The light quantity / density conversion unit (LOG conversion unit) 206 is configured by a look-up table ROM, and the luminance signals of R4, G4, and B4 are converted into density signals of M0, C0, and Y0. The line delay memory 207 is a black character determination unit (not shown) that delays the image signals of M0, C0, and Y0 by the amount of line delay from the R4, G4, and B4 signals to the determination signals such as UCR, FILTER, and SEN. Let

  The masking and UCR circuit 208 extracts a black signal (K) from the input three primary color signals of M1, C1, and Y1, and further performs an operation for correcting the color turbidity of the recording color material in the printer unit B. M2, C2, Y2, and K2 signals are sequentially output with a predetermined bit width (8 bits) for each reading operation.
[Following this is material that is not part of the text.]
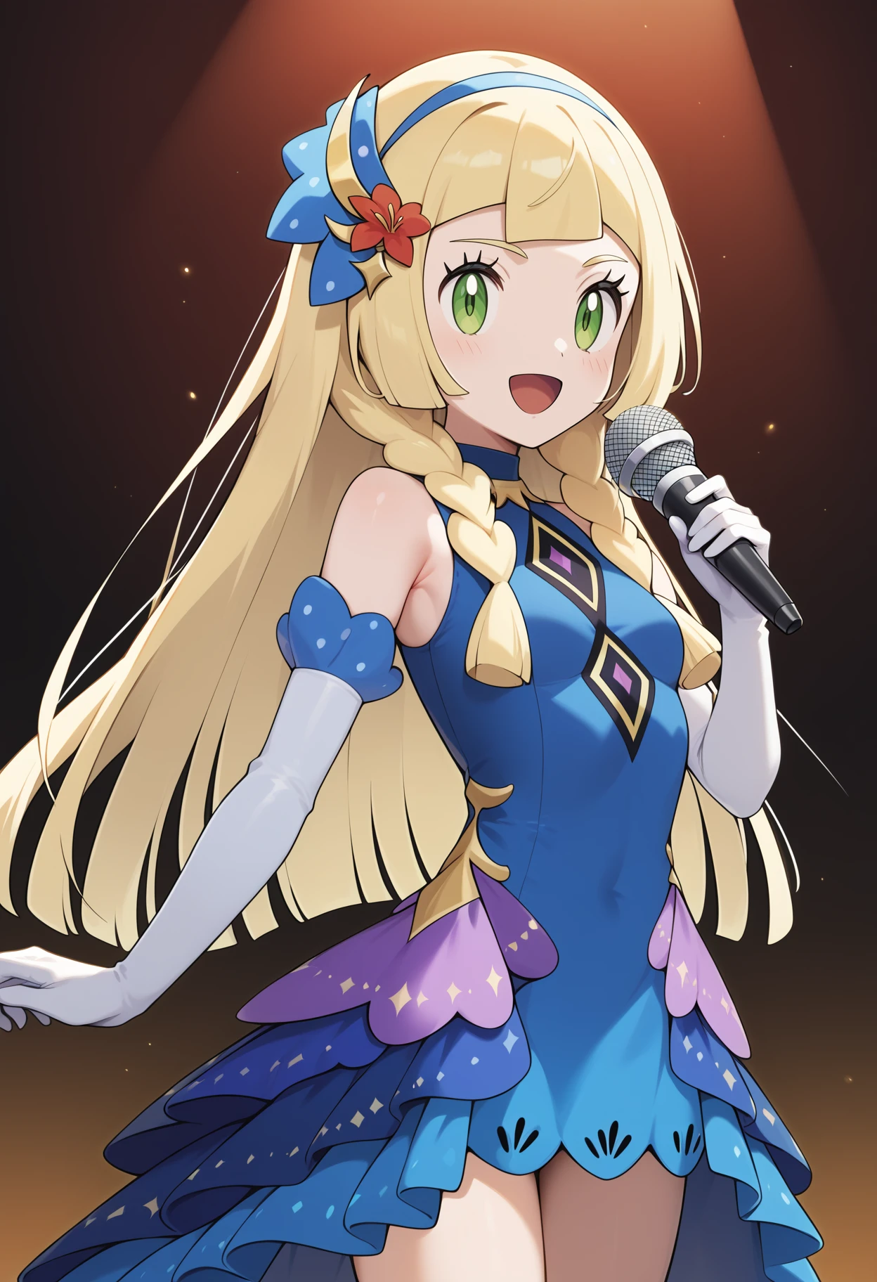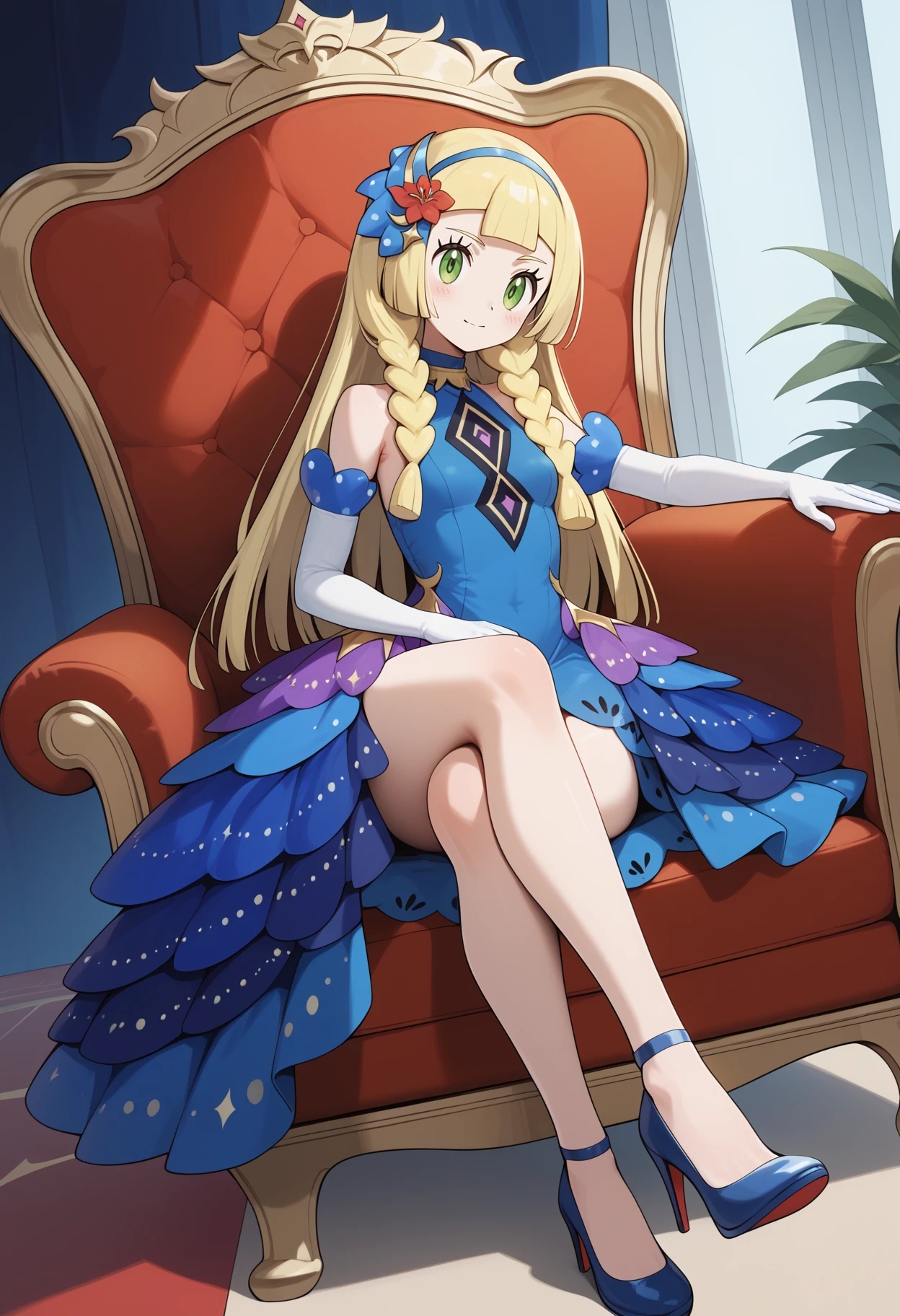 aalillie, long hair, blonde hair, twin braids, blue hairband, hair flower, hair ornament, green eyes, small breasts, blue dress, sleeveless, elbow gloves, white gloves
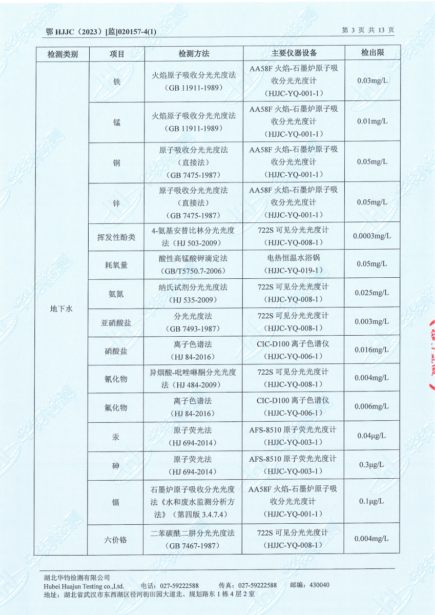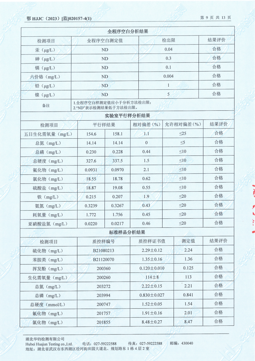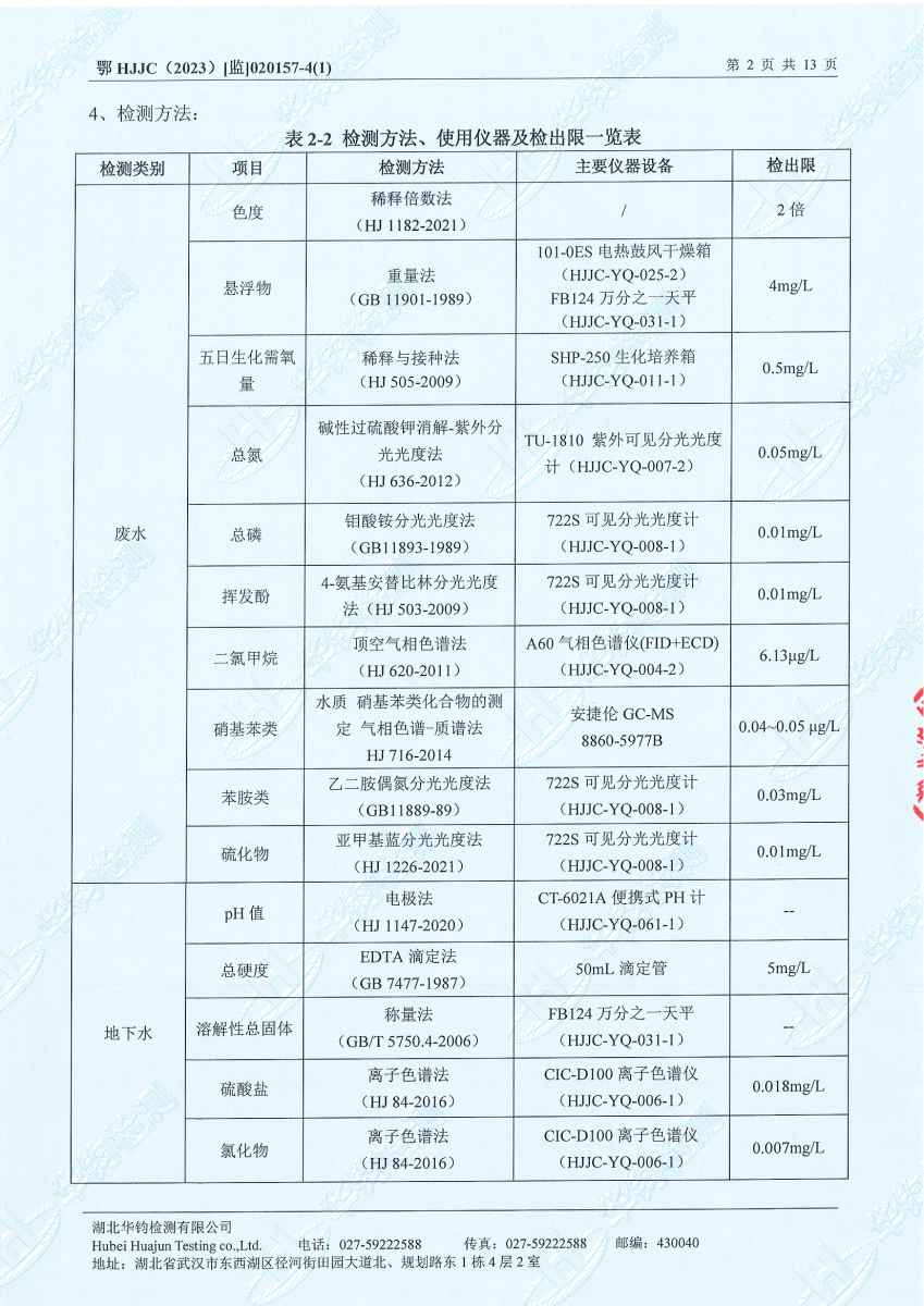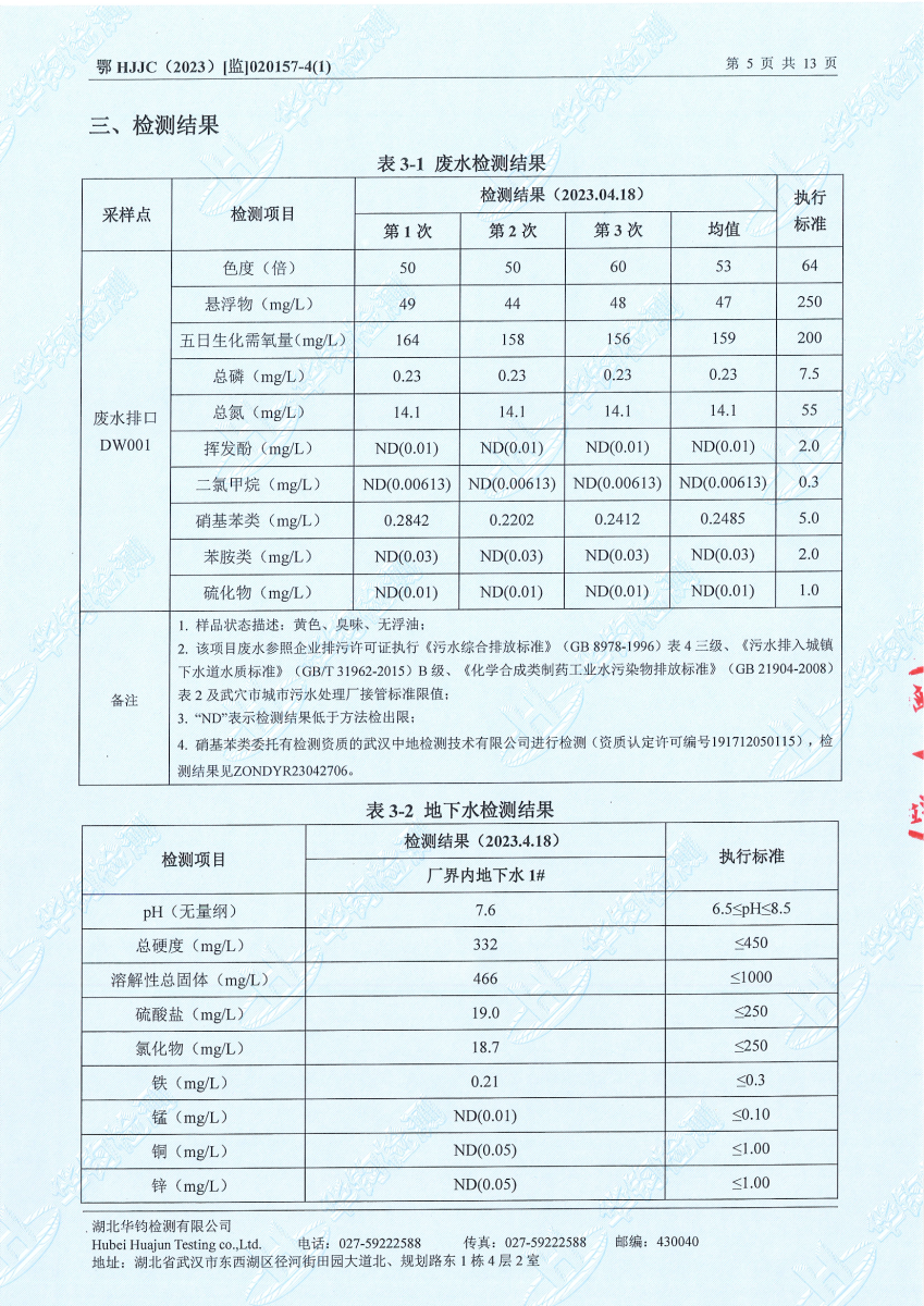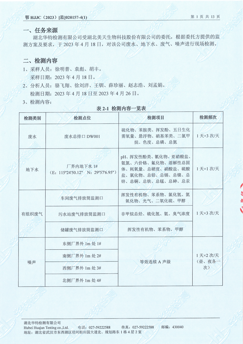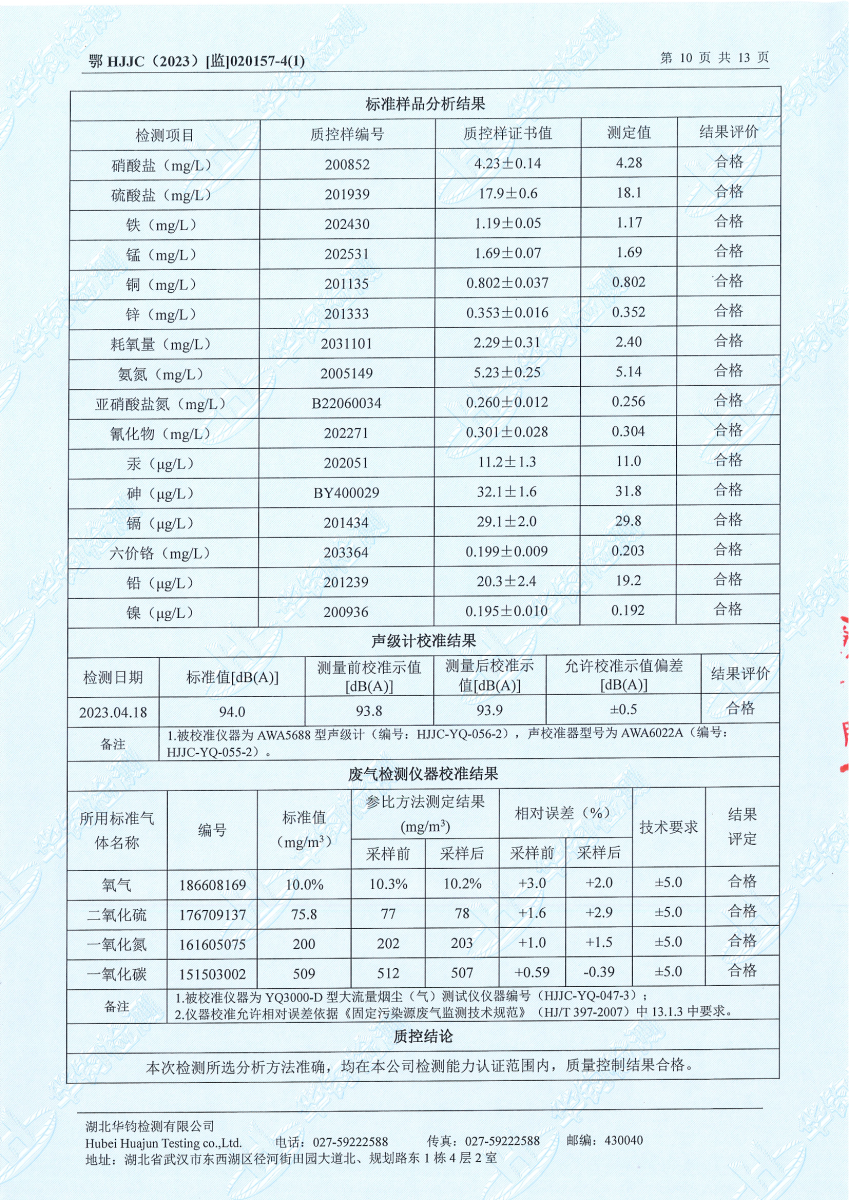 2023年第二季度,公司按照国家企业安全生产标准,对公司所排出的污染源,委托第三方进行抽样检测,详细的检测报告如下

  The γ correction circuit 209 performs density correction in the reader unit A so as to match the ideal gradation characteristics of the printer unit B. The spatial filter processing unit (output filter) 210 performs edge enhancement or smoothing processing.

  The M4, C4, Y4, and Bk4 frame sequential image signals processed in this way are sent to the printer control unit 109, and the printer unit B performs density recording by PWM.

  The CPU 214 controls the reader unit, and the RAM 215 and ROM 216 are connected. is there. The operation unit 217 has a display 218.

  FIG. 3 is a diagram showing the timing of each control signal in the image processing unit 108 shown in FIG. In the figure, a VSYNC signal is an image effective interval signal in the sub-scanning direction, and in the interval of logic “1”, image reading (scanning) is performed, and (M), (C), (Y), The output signal of (K) is formed. The VE signal is an image effective section signal in the main scanning direction, takes the timing of the main scanning start position in the section of logic “1”, and is mainly used for line count control of line delay. The CLOCK signal is a pixel synchronization signal and is used to transfer image data at the rising timing of “0” → “1”.

  Next, the printer unit B will be described. In FIG. 1, charging means 8 is a corona charger, and the surface of the photosensitive drum 4 is uniformly charged to a negative polarity by applying a bias. The image data is converted into laser light via a laser driver and laser light source 110 included in the printer control unit 109. The laser light is reflected by the polygon mirror 1 and the mirror 2 and irradiated onto the uniformly charged photosensitive drum 4. The photosensitive drum 4 on which the latent image is formed by scanning with the laser light rotates in the direction of arrow A shown in the drawing.

  FIG. 27 shows a detailed view of the developing means 3. The developing unit 3 includes a magenta toner developing unit 3M, a yellow toner developing unit 3Y, and a cyan toner developing unit 3C. The rotating developing unit 3a is switchable, and the fixed developing unit 3b includes a black toner developing unit 3K. Yes. In this embodiment, black uses a magnetic one-component toner, and the other three colors use a two-component developer including a magnetic carrier and a non-magnetic toner.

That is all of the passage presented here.